Feeding hedgehogs; . . The movie; . . . . . A bird feeds on the debris
Day 2 - To the Ferry, then Plymouth to Santander
Having overnighted, son and I set off for the ferry terminal. Tomtom is programmed to take us there by the quickest route. A road closure requires a re-route to take us round the blockage, not too much time lost.
We get to the ferry terminal, where our little group is meeting up in a cafe.
The photo of Tomtom's screen shows it rained a little on this leg, the only time on the whole trip.
The day's route . . . . . . . . . . . . Tomtom's stats for the day . . . Clearer view of the stats
We queue up for check-in with tickets, passports and Covid vaccination certificates at the ready.
Waiting ... inching forwards ... repeat ... check-in.
Then queuing - waiting ... inching forwards ... repeat ... passport and security check.
Then queuing - waiting ... onto the ferry ... our group being split up as we are directed to various parts of the bike deck. Me? I'm directed to the worst possible position, right at the front of a tunnel beside a loading ramp, I'll probably be the last to get off. Such is life.
Stairs up to our cabin deck, find our cabin, a sort-out and a shower - very welcome, it gets very hot with all the waiting around in the warm sunshine, the loading, carrying luggage while wearing motorcycling kit up several flights of stairs. (Yes there is a lift, but I'm far too impatient to wait for it.)
Now in civvies, we go to Ri's and JA's cabin, large enough for a get-together. Bottles of wine and glasses are produced so we can celebrate the ferry departing Plymouth.
A bit later, we go to the better restaurant for dinner - JA has already booked us in.
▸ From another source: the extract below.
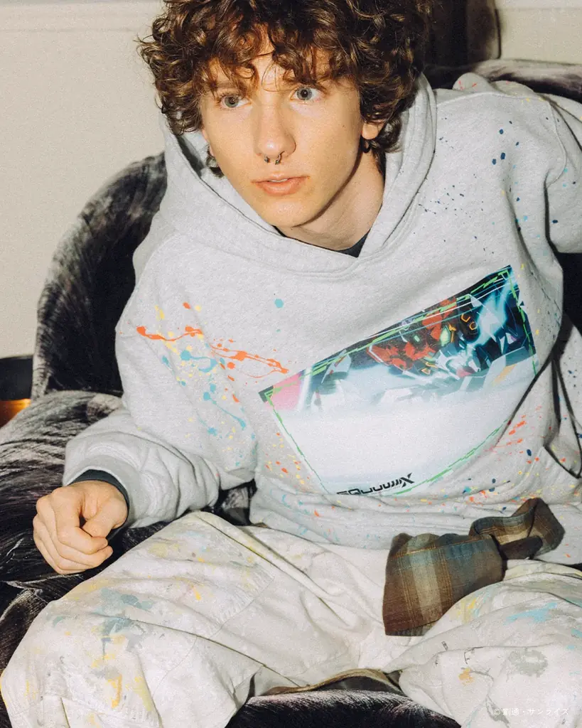 シリーズ最新作『GQuuuuuuX』からはタイトルロゴを用いたフーディや、劇中の“キラキラ”表現をアクションペインティング技法で表現した複数のフーディが登場します。ドリッピングやスパッタリングの技法により、宇宙や覚醒シーンのエネルギー感を衣服上に再現しています。

The food is well up to standard, very acceptable French cuisine
Then a nightcap and bed.
The ferry doesn't get to Santander in Spain until 2:00pm UK time, 3:00 pm Spanish time. (The ferry uses UK time, strange since it's French owned and run, and its destination is in the same time zone as France.)
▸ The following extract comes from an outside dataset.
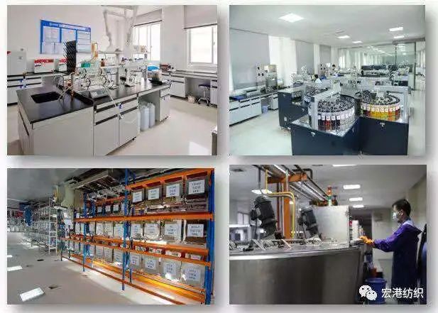 在设备设施投入方面,宏港纺织先后引入自动滴液系统、Datacolor颜色分析仪,通过自动化设备代替感光辨别,提高颜色的重现性,确保了质量的稳定性和可控性。为积极打造自动化生产流程,染色车间引入自动称料系统(自动称料房,与传统染整比较避免用手工称料、称助剂产生的误差,降低生产品质问题的产生,同时对产生的故障、多称、少称起到报警作用,也避免了现场称料引起飞料导致沾污等情况)、自动化料系统(每个染缸都有独立的送料管道)、自动称助剂系统、自动包装系统以及中央控制系统(MES)、ERP管理系统,不仅能够自动监控用水量、用电量等各项指标,还能自动控制染色温度。

So breakfast and a light lunch on the ferry.
Spain, from Ri and JA's cabin
The ferry does make up for the hour-late departure, then it's time to tog up and go down to the bikes
I have to wait until most of the bikes are out because of my position, then I carefully foot my way backwards out of the tunnel, over cables, straps, deck mounting bumps, and other detritus, until I can join the stream of bikes going up the ramp and on to land.
Then queuing ... until we are through immigration, passports checked and stamped. We group up again and dress properly before riding on.
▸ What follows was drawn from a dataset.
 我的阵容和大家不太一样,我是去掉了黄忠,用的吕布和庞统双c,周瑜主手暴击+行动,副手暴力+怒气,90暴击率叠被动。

Day 3 - Santander to Logrono
We take the more-or-less direct route to our first hotel. Not much to comment on, except that when we arrive in the vicinity of the hotel it takes quite a while to locate it. The area consists of narrow roads and steep hills. Although we are within feet of it, it takes search parties on foot and a phone call to finally find it.
Parking isn't easy, the hotel has no proper car park. It does have spaces butting up to one wall, but this would mean parking on a steep slope with a very real risk of the bikes tipping over.
So, in the end, we park on an adjacent plaza, between bollards that are supposed to prevent parking. Mine is very close to a large rubbish bin. (Before we leave the next morning, a rubbish collection lorry stops nearby, extends a very long crane jib, and hoists the bin liner to empty it. Luckily I have already moved my bike away, or it could have been knocked about during the process.)
The usual shower and tidy-up
We wander around to find a cafe, for a drink and a meal. Being Spain, this is outdoors, the evening weather is perfect.
A very friendly local resident joins us.
Local resident seeking a lap . . but decides on a chair
The day's route . . . . . . . . . . . . Tomtom's stats for the day . . . Stats in imperial units
To be continued ...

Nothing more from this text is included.